Bogdanova-Mihaylovaら(2019)は、小脳失調症を伴うCMTX4を有する多世代にわたるアイルランド人家族の罹患男性7人において、ヘミ接合性のM340T変異を同定した。この変異は全ゲノム配列決定によって発見され、サンガー配列決定によって確認されたが、この家系では障害と分離した。変異体の機能研究および患者細胞の研究は行われなかった。
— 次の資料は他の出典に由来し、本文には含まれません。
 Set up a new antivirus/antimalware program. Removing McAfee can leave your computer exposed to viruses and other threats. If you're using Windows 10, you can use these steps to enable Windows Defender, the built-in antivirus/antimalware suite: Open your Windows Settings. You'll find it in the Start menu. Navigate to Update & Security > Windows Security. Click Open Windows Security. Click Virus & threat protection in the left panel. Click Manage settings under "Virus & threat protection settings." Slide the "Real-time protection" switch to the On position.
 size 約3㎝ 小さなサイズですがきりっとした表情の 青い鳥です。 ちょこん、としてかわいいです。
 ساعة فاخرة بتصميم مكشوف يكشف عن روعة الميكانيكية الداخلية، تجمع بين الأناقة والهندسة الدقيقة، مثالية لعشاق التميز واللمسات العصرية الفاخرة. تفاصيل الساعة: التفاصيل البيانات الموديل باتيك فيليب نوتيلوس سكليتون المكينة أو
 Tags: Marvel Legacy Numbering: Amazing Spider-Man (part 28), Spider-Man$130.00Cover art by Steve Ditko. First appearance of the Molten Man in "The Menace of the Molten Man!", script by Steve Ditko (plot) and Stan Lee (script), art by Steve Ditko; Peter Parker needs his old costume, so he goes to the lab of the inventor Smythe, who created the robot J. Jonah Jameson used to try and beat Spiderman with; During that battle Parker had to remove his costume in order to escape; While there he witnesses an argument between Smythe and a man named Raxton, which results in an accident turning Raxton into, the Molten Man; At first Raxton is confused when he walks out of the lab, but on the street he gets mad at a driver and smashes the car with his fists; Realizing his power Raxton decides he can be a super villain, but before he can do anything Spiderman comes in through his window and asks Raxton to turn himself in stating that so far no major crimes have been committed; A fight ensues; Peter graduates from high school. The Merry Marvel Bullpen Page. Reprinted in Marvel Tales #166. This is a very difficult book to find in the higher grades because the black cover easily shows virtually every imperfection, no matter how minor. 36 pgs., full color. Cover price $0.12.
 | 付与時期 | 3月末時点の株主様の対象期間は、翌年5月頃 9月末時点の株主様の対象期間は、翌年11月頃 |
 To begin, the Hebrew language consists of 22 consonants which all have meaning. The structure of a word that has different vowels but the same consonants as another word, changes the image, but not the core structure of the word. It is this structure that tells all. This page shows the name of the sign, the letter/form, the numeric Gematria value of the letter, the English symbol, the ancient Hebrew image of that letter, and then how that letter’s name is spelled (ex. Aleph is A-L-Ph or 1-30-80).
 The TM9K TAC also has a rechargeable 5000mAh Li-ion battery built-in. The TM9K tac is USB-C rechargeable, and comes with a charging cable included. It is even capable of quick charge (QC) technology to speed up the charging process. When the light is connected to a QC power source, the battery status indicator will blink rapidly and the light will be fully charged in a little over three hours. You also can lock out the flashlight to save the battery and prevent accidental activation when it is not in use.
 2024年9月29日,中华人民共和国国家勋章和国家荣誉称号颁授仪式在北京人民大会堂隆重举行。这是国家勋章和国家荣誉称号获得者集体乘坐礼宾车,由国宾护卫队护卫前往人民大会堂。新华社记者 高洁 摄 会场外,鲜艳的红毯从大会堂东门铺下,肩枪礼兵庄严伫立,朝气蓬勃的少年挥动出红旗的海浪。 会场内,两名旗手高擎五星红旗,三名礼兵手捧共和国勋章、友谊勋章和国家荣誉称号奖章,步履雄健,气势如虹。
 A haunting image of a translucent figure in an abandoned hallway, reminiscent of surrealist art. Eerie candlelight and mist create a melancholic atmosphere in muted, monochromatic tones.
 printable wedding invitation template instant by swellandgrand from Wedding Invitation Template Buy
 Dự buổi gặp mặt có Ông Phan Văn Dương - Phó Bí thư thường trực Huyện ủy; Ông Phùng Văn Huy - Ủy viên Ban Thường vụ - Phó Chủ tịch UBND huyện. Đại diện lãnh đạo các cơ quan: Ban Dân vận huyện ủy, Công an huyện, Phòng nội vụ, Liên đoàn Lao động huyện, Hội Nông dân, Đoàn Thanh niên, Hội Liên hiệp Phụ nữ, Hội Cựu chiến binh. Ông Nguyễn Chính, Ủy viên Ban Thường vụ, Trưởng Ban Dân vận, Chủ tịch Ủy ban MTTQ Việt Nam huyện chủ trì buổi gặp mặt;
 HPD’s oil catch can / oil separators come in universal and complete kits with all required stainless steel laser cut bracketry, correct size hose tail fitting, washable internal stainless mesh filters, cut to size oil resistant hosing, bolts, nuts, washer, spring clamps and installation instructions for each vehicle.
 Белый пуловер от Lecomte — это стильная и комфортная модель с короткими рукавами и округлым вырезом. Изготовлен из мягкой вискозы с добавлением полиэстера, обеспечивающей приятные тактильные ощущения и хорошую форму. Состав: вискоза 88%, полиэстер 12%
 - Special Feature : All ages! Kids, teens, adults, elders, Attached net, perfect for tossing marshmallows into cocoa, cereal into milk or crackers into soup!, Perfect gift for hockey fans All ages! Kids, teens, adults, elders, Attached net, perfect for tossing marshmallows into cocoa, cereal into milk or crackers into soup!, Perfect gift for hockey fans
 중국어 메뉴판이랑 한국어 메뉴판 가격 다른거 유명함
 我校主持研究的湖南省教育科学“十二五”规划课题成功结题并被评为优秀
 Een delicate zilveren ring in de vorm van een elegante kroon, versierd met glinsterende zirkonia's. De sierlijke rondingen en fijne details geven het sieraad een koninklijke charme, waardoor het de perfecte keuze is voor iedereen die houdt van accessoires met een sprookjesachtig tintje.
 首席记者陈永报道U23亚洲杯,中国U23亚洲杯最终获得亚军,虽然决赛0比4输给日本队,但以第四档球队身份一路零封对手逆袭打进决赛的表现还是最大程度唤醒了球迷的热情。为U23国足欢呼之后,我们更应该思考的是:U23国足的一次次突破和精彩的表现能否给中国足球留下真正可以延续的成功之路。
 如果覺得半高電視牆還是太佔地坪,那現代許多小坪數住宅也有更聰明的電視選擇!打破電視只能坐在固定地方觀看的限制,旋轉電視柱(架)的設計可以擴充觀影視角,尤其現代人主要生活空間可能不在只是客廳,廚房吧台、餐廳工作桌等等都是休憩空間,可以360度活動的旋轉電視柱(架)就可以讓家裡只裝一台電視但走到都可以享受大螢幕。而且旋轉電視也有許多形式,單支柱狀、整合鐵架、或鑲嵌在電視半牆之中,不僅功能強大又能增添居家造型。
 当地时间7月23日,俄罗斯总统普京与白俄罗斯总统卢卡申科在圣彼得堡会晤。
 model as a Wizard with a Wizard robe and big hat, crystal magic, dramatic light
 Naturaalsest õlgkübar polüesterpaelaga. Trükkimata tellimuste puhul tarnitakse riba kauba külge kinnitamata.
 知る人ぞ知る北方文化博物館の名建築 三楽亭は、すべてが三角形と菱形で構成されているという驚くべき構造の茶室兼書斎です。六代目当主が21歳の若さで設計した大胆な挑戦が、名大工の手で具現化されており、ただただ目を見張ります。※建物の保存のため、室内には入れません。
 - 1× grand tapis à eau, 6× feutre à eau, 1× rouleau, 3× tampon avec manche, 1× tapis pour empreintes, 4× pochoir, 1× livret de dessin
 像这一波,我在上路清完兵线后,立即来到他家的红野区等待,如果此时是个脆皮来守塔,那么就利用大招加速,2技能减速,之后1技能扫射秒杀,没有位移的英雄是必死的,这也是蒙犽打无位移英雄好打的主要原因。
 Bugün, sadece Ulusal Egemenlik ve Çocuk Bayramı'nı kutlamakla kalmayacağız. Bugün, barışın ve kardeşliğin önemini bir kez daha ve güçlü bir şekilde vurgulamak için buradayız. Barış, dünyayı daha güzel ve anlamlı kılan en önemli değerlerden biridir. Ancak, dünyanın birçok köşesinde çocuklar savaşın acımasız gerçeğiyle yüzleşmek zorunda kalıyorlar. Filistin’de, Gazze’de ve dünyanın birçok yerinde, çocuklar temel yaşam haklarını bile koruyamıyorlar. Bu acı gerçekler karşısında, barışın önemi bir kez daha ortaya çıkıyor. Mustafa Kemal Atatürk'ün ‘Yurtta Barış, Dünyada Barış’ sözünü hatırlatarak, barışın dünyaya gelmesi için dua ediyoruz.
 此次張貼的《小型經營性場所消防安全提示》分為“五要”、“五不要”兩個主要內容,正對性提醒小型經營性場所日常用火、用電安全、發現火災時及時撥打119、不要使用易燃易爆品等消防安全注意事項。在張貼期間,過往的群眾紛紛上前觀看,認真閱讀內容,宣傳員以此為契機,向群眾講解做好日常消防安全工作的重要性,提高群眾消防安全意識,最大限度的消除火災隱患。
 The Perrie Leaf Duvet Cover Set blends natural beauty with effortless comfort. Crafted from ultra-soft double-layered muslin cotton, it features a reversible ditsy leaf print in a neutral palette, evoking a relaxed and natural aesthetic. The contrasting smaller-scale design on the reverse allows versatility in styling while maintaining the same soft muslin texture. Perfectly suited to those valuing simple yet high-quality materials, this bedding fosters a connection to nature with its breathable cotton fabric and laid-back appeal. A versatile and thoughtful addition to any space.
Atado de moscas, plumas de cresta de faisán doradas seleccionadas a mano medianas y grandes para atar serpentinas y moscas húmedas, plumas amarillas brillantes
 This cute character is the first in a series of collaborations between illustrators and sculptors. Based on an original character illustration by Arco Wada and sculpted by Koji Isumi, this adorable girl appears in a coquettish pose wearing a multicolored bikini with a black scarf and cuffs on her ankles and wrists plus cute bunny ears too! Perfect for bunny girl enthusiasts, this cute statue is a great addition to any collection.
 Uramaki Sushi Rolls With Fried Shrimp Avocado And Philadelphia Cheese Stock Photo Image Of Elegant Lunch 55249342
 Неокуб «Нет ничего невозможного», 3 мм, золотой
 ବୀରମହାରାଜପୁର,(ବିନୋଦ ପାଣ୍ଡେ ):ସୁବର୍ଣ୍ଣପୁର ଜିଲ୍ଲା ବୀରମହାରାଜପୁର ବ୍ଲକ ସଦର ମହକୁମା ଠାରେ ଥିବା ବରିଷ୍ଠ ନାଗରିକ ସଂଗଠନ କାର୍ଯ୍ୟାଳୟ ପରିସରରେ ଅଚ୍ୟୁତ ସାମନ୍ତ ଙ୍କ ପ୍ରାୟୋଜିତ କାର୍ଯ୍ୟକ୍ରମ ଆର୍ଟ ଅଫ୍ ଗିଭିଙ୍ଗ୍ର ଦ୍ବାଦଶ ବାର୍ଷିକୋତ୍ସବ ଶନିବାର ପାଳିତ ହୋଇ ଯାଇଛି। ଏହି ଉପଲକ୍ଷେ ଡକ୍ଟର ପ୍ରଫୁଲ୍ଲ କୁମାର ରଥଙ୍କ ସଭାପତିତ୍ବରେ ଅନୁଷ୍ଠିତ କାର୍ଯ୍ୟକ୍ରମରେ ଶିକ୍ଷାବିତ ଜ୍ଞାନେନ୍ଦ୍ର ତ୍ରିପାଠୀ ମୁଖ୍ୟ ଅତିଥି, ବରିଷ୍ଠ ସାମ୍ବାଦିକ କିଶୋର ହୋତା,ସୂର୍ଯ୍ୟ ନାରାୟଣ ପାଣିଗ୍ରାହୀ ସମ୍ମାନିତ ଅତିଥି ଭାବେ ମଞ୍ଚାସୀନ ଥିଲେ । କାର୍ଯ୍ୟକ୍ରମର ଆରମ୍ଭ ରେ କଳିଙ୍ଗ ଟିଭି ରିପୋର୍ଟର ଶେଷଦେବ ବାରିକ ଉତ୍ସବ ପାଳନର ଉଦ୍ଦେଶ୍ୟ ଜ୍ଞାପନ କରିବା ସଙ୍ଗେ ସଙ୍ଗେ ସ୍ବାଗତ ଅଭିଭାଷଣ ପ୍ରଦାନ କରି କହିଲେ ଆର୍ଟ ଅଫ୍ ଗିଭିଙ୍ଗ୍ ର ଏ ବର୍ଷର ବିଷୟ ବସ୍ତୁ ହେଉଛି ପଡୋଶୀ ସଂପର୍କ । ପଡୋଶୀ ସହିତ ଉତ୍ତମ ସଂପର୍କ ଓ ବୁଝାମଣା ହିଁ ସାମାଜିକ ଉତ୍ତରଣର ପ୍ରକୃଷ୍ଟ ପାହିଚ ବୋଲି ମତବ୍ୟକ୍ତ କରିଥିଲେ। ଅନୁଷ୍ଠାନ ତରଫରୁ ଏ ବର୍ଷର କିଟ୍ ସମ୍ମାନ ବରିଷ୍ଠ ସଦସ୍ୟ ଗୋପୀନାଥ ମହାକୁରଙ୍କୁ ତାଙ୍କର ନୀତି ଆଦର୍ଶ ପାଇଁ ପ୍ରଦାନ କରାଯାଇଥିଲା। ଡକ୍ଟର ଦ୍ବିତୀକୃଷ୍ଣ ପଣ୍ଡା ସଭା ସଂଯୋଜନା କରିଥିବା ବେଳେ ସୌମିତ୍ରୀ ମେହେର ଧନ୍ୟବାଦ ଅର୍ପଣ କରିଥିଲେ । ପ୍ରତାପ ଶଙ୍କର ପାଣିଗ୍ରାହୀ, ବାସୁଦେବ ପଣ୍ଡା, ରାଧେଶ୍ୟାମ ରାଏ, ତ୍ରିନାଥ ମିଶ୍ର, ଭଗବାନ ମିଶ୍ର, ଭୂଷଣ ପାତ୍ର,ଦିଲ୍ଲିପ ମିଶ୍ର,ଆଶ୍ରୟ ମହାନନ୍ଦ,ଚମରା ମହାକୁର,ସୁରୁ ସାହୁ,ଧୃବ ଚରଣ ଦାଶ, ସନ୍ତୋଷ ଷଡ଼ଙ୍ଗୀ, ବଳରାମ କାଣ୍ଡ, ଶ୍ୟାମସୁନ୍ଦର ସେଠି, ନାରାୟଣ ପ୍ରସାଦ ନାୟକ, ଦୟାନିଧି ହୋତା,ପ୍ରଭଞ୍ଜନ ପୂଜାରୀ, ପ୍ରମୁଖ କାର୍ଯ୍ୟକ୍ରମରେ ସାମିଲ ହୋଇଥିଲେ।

.0016 小脳失調を伴うシャルコー・マリー・トゥース病、x連鎖性劣性遺伝、4型
aifm1, thr141ile
小脳失調症を伴うX連鎖性劣性シャルコー・マリー・トゥース病-4(CMTX4;310490)に一致する臨床的特徴を有する11歳の男児(患者2)において、Heimerら(2018年)は、AIFM1遺伝子におけるde novo半接合c.422C-T転移を同定し、その結果、FAD結合部位に近い高度に保存された残基においてthr141-to-ile(T141I)置換が生じた。この変異は全ゲノム配列決定によって発見され、サンガー配列決定によって確認された。この変異は、dbSNP(ビルド138)、1000ゲノムプロジェクト、エクソーム配列決定プロジェクト、およびExACデータベース、ならびに社内対照に対してフィルタリングされた。この変異体の機能研究および患者細胞の研究は行われなかった。
.0017 複合酸化的リン酸化欠損 6
AIFM1, VAL243LEU
複合型酸化的リン酸化欠損症-6(COXPD6;300816)の長期経過を有する11歳の男児において、Kettwigら(2015)は、AIFM1遺伝子のエクソン7に半接合性のc.727G-T転座(c.727G-T, NM_004208.3)を同定し、その結果、FAD結合ドメインの高度に保存された残基にval243からleu(V243L)への置換が生じた。この変異は、全ゲノム配列決定により発見され、サンガー配列決定により確認されたが、罹患していない母親からの遺伝であった。この変異は1000 Genomes ProjectやExome Sequencing Projectでは発見されなかった。患者の筋肉のウェスタンブロット解析では、変異タンパク質のレベルが減少しており、安定性が低下していることが示唆された。